Up until recently, €250,000 was enough to qualify through most property purchases anywhere in Greece. This made Greece one of the most affordable EU Golden Visa programmes.


The €250,000 minimum is still preserved, but only for special cases: converting commercial property to residential, or restoration of protected / listed buildings.


New Tiered System & Regional Premiums

  • As of March 2024 (fully in force thereafter), Greece introduced three distinct tiers depending on location.

  • €800,000 now applies for real estate in high-demand zones: central Athens, Thessaloniki, and certain large/popular islands such as Mykonos and Santorini. These are zones where property demand is high, prices are steep, and the government evidently intends to curb speculative or overheated investment.

  • €400,000 is now the investment required in other parts of Greece (non-premium or less densely populated zones), for a single residential property of at least 120 m².

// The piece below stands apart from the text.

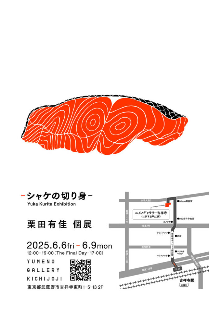 栗田有佳 個展 「ーシャケの切り身ー」 開催日 2025年6月6日(金)〜9日(月) 時間 12:00〜19:00(最終日17:00まで) 会場 ユメノギャラリー吉祥寺〒180-0002 東京都武蔵野市吉祥寺東町1-5-13 はぴすと押山2F Web https://www.yumenogallerykichijoji.com/schedule/

  • The €250,000 minimum is still preserved, but only for special cases: converting commercial property to residential, or restoration of protected / listed buildings.

Why the Changes? Purpose & Impact

  • To discourage over-concentration of foreign investment in tourist islands and central Athens, which had been driving up property prices and putting pressure on local housing availability.

  • To encourage investment in neglected zones — or in restoration/conversion of existing built heritage.

  • To ensure investments are more permanent and beneficial (e.g. restrictions on short-term rentals in certain zones).

What These Changes Mean for Investors

  • If you target high-demand areas (e.g. central Athens, Santorini, Mykonos), you’ll need to budget significantly more — €800,000 rather than €250,000.

  • For those who want to stay closer to the lower threshold, the options are (a) invest in less sought-after regions, (b) take on a conversion or restoration project that qualifies under the €250,000 rule.

  • More due diligence is required: you’ll need to check zoning, whether the property is listed/protected, what conversion/restoration permits and inspections are needed, whether short-term rentals are allowed or restricted.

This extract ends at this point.